Learning Outcomes
Students will be able to...
- Describe where temperature data comes from and how scientists use this data to identify climate trends
- Interpret data visualizations to describe and identify trends in messy, real data
- Use data to make logical predictions of future conditions
Students will understand…
- Changes in ecosystems around us are local instances of global patterns of change.
- Scientists use data to investigate a question you have about a phenomenon.
- Data can be represented and organized in different ways in order to answer different questions or reveal new information.
- Using data to understand a phenomenon involves being able to read and make sense of data representations (tables, graphs, maps, etc) and models.
- We represent data in a combination of graphs and maps to show ecosystem change in both time and space, and we use models to think into the future.
Time Estimate
1 to 3 class periods
Audience
5-8
Standards Alignment
- Next Generation Science Standards (NGSS): CCC 7
- Next Generation Science Standards (NGSS): SEP 4
- Next Generation Science Standards (NGSS): MS-ESS3-3
- Common Core: Standards for Mathematical Practice: Construct viable arguments and critique the reasoning of others.

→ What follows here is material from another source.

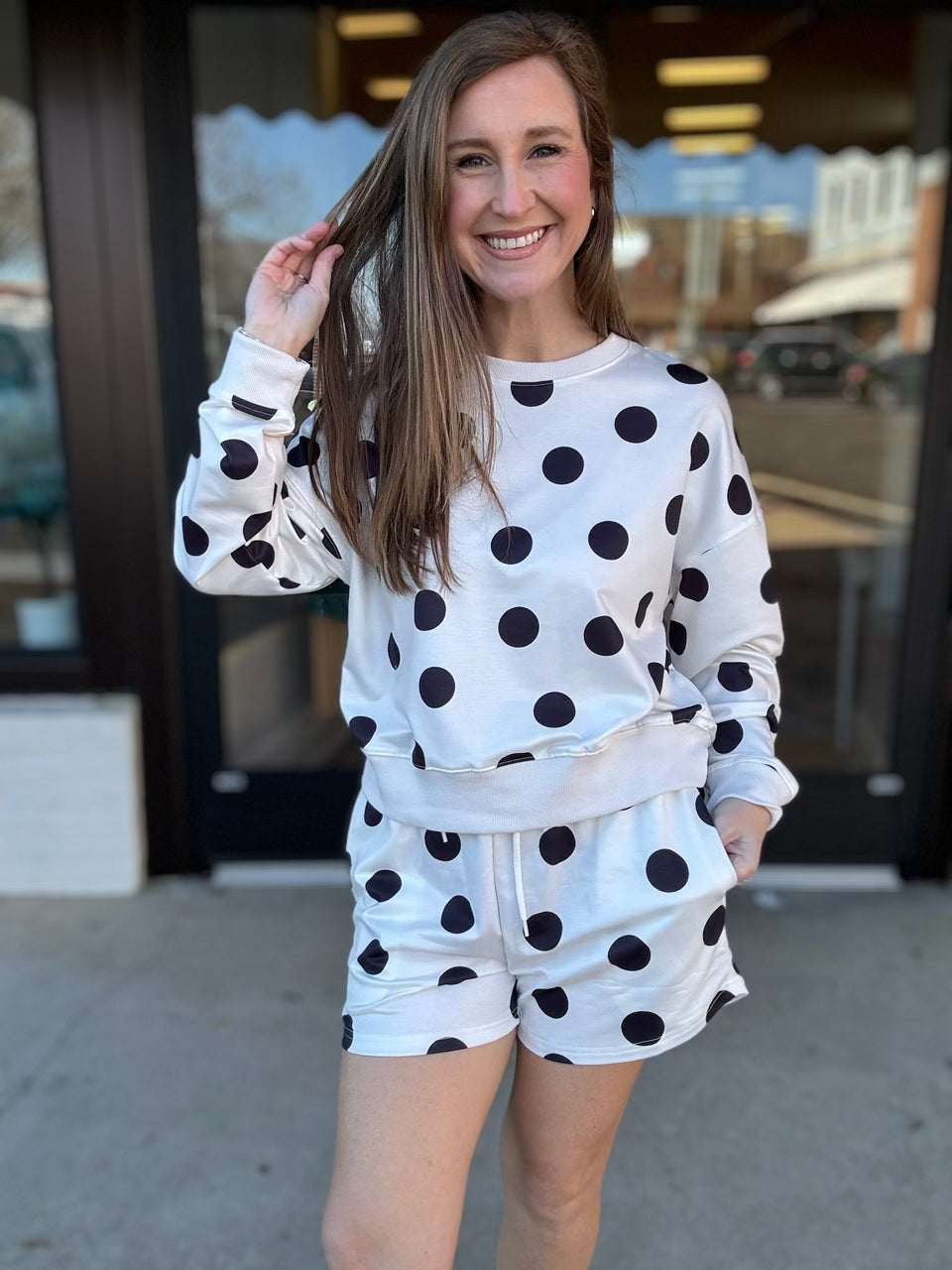 Polka dot cream and black 2-piece set, true to size with a comfy, flattering fit. Effortlessly trendy and perfect for everyday wear.

- Common Core: Grade 6 - Statistics & Probability: Develop understanding of statistical variability
This module was developed to prepare students for their LabVenture experience though it can be used in many contexts to introduce climate change and support students' data skills and understandings.
Students will need laptops, chromebooks, or ipads and internet connection to explore the data. If devices are not available the maps and graphs can be printed ahead of time.
Lesson 1: Global Trends
Students use data to explore how global temperature is changing over time and develop strategies for identifying trends in data.
Lesson 2: Regional Trends
Students explore how climate and climate change vary from region to region. Students work with climate data from the Northeast and develop strategies and habits of mind for analyzing and interpreting large and messy data.